(Records provided Opens)
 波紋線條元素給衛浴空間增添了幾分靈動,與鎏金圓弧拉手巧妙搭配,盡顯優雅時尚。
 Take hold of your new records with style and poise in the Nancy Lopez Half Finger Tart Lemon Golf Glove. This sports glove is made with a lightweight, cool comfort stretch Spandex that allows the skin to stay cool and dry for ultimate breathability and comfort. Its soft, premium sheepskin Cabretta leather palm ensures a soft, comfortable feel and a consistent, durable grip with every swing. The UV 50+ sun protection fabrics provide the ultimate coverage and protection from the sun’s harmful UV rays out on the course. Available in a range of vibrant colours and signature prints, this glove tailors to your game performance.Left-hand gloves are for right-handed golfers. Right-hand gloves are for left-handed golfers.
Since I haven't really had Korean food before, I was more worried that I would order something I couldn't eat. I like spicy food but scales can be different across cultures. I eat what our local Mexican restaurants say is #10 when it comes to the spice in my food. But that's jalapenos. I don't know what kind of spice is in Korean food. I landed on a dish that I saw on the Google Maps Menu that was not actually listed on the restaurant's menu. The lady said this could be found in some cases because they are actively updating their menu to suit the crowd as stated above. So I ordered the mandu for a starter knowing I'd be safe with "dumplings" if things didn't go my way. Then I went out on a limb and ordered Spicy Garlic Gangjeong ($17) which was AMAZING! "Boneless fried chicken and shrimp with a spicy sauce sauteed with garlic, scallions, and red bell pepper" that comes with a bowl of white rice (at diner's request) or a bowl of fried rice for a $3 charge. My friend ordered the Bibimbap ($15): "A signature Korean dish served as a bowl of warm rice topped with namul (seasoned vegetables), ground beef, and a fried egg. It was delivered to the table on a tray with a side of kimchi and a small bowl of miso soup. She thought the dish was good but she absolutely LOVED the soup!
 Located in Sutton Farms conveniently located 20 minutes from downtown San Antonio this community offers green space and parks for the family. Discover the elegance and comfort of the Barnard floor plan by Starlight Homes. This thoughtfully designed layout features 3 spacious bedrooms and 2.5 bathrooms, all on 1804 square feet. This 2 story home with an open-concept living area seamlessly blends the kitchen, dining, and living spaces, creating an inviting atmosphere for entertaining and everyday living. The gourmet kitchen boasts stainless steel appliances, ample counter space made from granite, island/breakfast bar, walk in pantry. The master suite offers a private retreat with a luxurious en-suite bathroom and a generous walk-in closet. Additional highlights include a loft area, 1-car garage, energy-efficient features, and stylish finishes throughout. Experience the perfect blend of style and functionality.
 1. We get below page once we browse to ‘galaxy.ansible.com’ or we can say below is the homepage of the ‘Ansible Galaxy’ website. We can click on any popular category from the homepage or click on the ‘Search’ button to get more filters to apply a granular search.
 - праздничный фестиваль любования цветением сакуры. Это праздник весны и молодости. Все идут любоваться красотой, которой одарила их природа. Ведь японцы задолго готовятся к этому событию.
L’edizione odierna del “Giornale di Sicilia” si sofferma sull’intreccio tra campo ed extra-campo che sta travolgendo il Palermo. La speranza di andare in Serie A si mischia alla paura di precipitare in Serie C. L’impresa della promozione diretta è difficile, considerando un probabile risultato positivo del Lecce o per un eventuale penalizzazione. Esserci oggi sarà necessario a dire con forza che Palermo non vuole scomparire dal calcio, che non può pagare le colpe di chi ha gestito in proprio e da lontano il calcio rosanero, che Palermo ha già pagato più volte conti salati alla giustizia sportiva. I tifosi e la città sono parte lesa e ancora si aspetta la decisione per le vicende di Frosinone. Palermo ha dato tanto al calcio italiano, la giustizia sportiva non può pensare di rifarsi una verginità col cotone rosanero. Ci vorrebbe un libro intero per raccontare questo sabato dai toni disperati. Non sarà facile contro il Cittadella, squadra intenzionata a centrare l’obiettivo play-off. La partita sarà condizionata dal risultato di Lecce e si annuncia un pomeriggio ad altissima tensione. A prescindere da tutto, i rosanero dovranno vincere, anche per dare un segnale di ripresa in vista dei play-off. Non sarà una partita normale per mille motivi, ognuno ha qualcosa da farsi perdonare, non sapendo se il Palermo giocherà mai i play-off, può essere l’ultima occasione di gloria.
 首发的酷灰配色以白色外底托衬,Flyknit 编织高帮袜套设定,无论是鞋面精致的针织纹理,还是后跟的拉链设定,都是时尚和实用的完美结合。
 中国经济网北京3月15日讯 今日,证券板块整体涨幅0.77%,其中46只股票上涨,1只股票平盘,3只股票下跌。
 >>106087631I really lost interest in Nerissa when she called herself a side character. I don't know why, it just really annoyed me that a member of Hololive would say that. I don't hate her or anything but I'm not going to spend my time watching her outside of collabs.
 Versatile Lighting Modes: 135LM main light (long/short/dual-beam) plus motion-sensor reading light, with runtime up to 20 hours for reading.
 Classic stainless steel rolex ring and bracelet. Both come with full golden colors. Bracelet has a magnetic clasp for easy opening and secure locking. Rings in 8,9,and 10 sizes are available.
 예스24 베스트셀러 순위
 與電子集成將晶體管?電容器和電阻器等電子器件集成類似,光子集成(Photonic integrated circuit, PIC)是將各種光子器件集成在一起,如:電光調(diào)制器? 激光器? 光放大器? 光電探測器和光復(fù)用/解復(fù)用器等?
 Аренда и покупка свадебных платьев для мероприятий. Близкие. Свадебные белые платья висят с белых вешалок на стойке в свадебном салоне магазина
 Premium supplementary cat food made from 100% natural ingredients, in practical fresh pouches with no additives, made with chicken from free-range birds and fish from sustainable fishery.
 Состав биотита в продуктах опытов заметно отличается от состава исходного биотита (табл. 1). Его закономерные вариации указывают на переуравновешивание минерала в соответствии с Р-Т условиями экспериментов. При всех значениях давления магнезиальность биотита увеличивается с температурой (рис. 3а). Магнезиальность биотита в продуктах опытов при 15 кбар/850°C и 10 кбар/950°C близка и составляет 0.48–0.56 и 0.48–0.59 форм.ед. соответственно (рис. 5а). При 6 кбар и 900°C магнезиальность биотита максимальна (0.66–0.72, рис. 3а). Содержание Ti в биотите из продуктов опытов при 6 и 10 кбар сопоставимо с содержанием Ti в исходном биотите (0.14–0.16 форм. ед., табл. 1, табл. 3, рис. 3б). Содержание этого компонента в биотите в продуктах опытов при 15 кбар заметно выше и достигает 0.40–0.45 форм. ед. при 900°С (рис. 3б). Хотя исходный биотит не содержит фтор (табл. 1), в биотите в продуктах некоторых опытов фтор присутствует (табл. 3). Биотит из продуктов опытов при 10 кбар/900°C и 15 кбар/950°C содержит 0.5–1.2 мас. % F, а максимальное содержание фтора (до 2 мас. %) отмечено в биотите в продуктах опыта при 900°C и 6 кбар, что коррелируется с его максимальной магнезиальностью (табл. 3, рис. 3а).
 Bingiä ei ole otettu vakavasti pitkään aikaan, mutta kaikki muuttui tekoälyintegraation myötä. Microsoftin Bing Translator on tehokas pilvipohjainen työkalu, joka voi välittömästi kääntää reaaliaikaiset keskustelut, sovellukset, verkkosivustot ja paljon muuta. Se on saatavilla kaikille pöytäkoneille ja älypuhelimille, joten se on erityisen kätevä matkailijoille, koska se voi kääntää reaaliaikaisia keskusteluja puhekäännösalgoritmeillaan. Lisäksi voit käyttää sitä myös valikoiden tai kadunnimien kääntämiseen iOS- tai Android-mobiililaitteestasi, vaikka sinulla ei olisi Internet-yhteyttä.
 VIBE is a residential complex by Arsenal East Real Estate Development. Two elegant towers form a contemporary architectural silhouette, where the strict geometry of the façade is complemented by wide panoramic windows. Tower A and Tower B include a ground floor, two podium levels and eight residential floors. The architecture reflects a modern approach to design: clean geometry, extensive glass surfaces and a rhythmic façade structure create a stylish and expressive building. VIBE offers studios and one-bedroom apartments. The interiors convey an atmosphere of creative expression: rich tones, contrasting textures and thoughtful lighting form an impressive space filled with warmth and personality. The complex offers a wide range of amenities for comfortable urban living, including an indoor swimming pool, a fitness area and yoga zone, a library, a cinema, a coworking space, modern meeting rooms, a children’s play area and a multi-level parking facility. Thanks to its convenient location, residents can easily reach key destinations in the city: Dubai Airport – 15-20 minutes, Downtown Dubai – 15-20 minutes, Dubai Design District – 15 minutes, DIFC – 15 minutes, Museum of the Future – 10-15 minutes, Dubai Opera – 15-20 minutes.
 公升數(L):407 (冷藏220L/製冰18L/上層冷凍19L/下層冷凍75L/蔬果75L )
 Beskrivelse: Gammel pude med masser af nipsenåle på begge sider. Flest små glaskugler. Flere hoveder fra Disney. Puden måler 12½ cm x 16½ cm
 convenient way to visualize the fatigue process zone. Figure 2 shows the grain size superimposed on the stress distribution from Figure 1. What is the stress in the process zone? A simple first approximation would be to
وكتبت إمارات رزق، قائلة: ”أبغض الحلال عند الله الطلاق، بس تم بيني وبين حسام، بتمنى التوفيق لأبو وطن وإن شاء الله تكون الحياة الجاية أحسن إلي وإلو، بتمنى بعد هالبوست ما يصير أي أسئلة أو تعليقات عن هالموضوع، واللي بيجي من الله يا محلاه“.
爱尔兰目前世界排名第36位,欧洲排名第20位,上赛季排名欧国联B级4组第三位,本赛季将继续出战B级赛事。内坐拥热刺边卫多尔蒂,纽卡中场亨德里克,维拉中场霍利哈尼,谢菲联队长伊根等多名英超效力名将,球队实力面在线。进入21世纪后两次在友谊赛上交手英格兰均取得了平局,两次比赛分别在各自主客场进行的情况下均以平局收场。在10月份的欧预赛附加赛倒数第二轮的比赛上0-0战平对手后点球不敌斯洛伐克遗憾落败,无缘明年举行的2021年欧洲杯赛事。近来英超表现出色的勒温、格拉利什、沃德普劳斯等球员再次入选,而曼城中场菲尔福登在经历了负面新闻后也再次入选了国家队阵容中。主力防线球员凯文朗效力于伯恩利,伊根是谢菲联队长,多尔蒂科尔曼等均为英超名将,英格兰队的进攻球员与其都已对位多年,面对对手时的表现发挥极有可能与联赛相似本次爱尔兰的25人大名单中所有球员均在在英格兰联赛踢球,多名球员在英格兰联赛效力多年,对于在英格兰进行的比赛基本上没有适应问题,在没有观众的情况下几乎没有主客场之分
(Records provided Closes)
Among the entries, find each line that includes the string "steel" and copy it.

 Located in Sutton Farms conveniently located 20 minutes from downtown San Antonio this community offers green space and parks for the family. Discover the elegance and comfort of the Barnard floor plan by Starlight Homes. This thoughtfully designed layout features 3 spacious bedrooms and 2.5 bathrooms, all on 1804 square feet. This 2 story home with an open-concept living area seamlessly blends the kitchen, dining, and living spaces, creating an inviting atmosphere for entertaining and everyday living. The gourmet kitchen boasts stainless steel appliances, ample counter space made from granite, island/breakfast bar, walk in pantry. The master suite offers a private retreat with a luxurious en-suite bathroom and a generous walk-in closet. Additional highlights include a loft area, 1-car garage, energy-efficient features, and stylish finishes throughout. Experience the perfect blend of style and functionality.
 Classic stainless steel rolex ring and bracelet. Both come with full golden colors. Bracelet has a magnetic clasp for easy opening and secure locking. Rings in 8,9,and 10 sizes are available.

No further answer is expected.